Jestem Tą, Która Wie. 

Wczorajszy smutek i niepokój, narastający godzina po godzinie. Myślałam, że chodzi przede wszystkim o pożegnanie z kimś, kto wyjeżdża z Wyspy. Jeszcze nie wiedziałam, że chodzi o inne pożegnanie, ostateczne. Żadnych ostatnich słów, żadnego ostatniego spojrzenia. Śmierć zazwyczaj nie pozwala nam na nie. 

To nie pierwsza noc, gdy piłam, gdy tam, w nocnym mieście, ktoś umierał. Te lata temu wiedziałam jednak, co usłyszę rano. Tym razem nie wiedziałam, wiedząc. 

Przeczucia, przeczucia, przeczucia. Scenariusze są takie same. Znam inne, ktore się powtórzą, ale nie będę ich głośno wypowiadać. 

Alkohol wlewany w żyły zawczasu, nie mogący ich wypełnić tak, jak bym chciała, choć nie znałam powodu. Kiedyś mój przyjaciel powiedział jak Gaiman, że nic innego, żadnego innego pożegnania, gdy zabije go rak- tylko wino i śpiew. 

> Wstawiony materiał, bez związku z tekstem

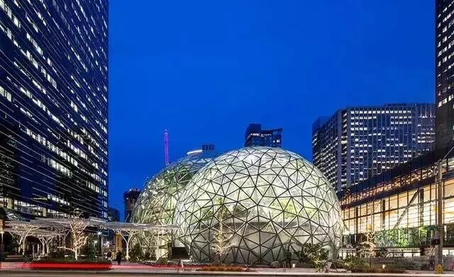 亞馬遜最新總部坐落在西雅圖商業(yè)區(qū),高達(dá)四層,是座熱帶雨林般的溫室建筑,由玻璃和白色鋼筋建造而成,老板杰夫·貝佐斯(Jeff Bezos)站在頂樓招呼員工。

I było piwo zamiast wina i najpiękniejsza audycja radiowa zamiast śpiewu. Cudza uspokajająca niedosłowna obecność. I żegnałam, nie wiedząc, że żegnam. Pomiędzy sierpniem a listopadem, śmierć ktorą wybrałam. Historia człowieka, którą się zaopiekuję, gdy odszedł, choć był mi obcy. Wiedziałam, co czeka mnie, jeśli ta saga nie skończy się dobrze. To cena, którą jestem gotowa płacić. 

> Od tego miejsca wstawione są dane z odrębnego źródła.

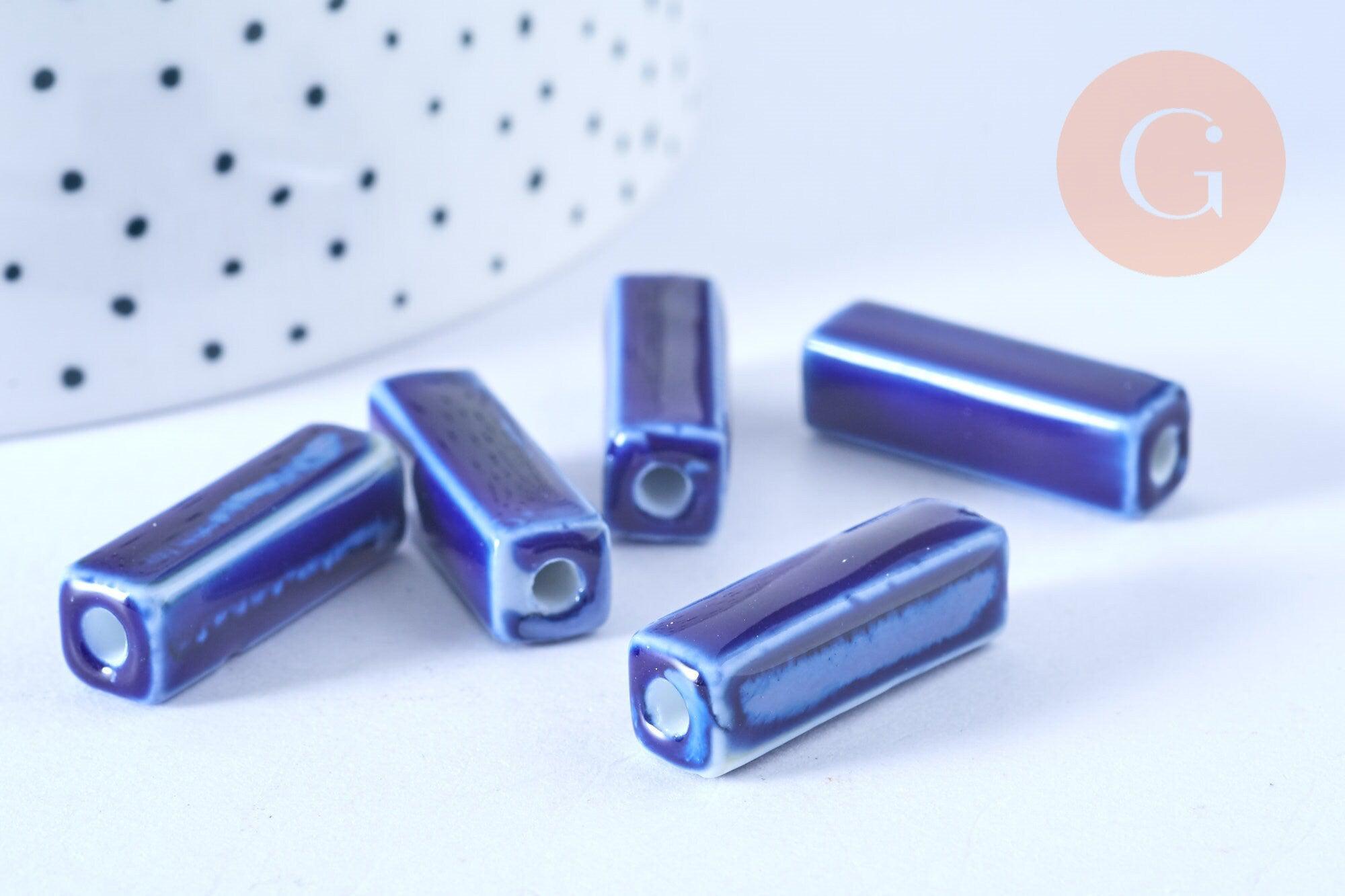 A set of 5 rectangular blue enameled porcelain beads These are beautiful handmade beads.

Jestem Tą, Która Zbiera Kości i układa z nich życie. 

 

Rak i serce, które stanęło w szpitalnej sali. 

 

Mój Kruk zmarł dziś w nocy. 

Być może odleciał z Huginen i Muninem na sam czubek Drzewa Świata. Widzi więcej, choć mam wrażenie, że zawsze spoglądał o wiele dalej, niż my kiedykolwiek zdołalibysmy dostrzec. 

Nigdy nie dowiem się, co zobaczył w moich kartach.